As luck would have it, however, raw computing power was also no longer what many researchers needed most. Today, solving scientific challenges is often no longer limited by processing speed, but rather by the need to efficiently transfer, analyze, and store large datasets. 

This holds true for the MIPAS researchers, who must process and analyze a decade of data tracking 36 different chemical species and temperature. The team’s work is made even more complex by the complex relationship trace gases have with one another at higher altitudes—researchers must chart the interplay of temperature, radiation, concentrations of other chemicals, and how all these characteristics influence one another. As a result, the team has to do computationally expensive non-local thermodynamic equilibrium (NLTE) calculations for these species. Water vapor alone required roughly one million core hours for these calculations, and the team had to model nine species using NLTE methods. 

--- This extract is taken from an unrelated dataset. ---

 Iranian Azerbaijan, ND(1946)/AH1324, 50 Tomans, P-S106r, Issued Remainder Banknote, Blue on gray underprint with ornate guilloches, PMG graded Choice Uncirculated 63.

While these calculations could individually be performed on more modest computing resources, they would collectively take far too long without access to HPC resources. “Earlier in the project we were just working on a local cluster to run a month of data from the upper atmosphere, where this complex NLTE is required,” said Dr. Bernd Funke, a senior researcher at IAA and collaborator on the project. “Getting results for one month of data could take almost one month of computation. Now we can run these things in two or three nights. From a scientific point of view, this quick access to the data is extremely valuable.” 

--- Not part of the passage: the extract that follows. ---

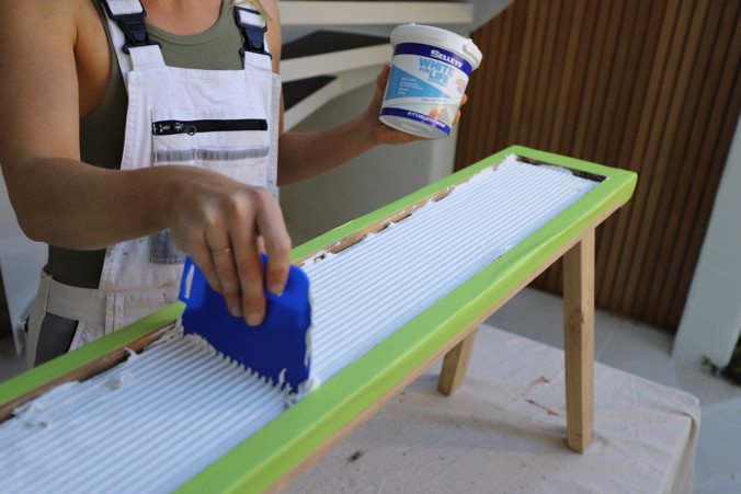 Step 9: Once the tiles are dry we can now grout. Stick down some masking tape around the edges of the rebated section to keep grout off the timber which will prevent any staining It’s a pretty easy process all you need to do is mix up your grout to a smooth non slumping paste and wipe into the gaps between tiles using a grouting trowel. Sponge off any excess grout with the clean water and peel off the tape

Both Kiefer and Funke indicated that HLRS computing resources—as well as the ability to store their data on HLRS’s fast and secure High-Performance Storage System—enabled the team to rapidly analyze its data. 

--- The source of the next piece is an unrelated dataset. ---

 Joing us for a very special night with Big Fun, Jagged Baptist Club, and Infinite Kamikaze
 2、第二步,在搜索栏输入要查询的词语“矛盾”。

Next-generation experimental techniques drive need for next-generation computing 

As the researchers finish their analysis of the MIPAS dataset, they anticipate that the near future will see new mid-infrared space missions. Considering the massive datasets they expect these missions to produce, HPC centers like HLRS will continue to play a major role in hosting, processing, and analyzing the data. 

Future missions such as the Earth Explorer candidate mission CAIRT, recently selected by ESA for pre-feasibility studies, will use imaging methods, which increase the number of measurements per orbit and add two additional dimensions to the data. This will not only give researchers an even more detailed view of atmospheric composition and processes, but also greatly increase the complexity and volume of data analysis that will be required. The researchers estimate that one of the projected instruments could result in up to a 1,000-fold increase in datapoints gathered. 

The team also indicated that HLRS was quick to embrace their relatively “non-traditional” need for supercomputing resources. The current pivot across the sciences to even more data-centric HPC applications underscored the need for HPC centers to provide a suite of tools in the realms of data storage and management. 

The entire MIPAS data set of chemical species in the atmosphere can be accessed at https://www.imk-asf.kit.edu/english/308.php 

-Eric Gedenk  

Funding for Hazel Hen was provided by Baden-Württemberg Ministry for Science, Research, and the Arts and the German Federal Ministry of Education and Research through the Gauss Centre for Supercomputing (GCS).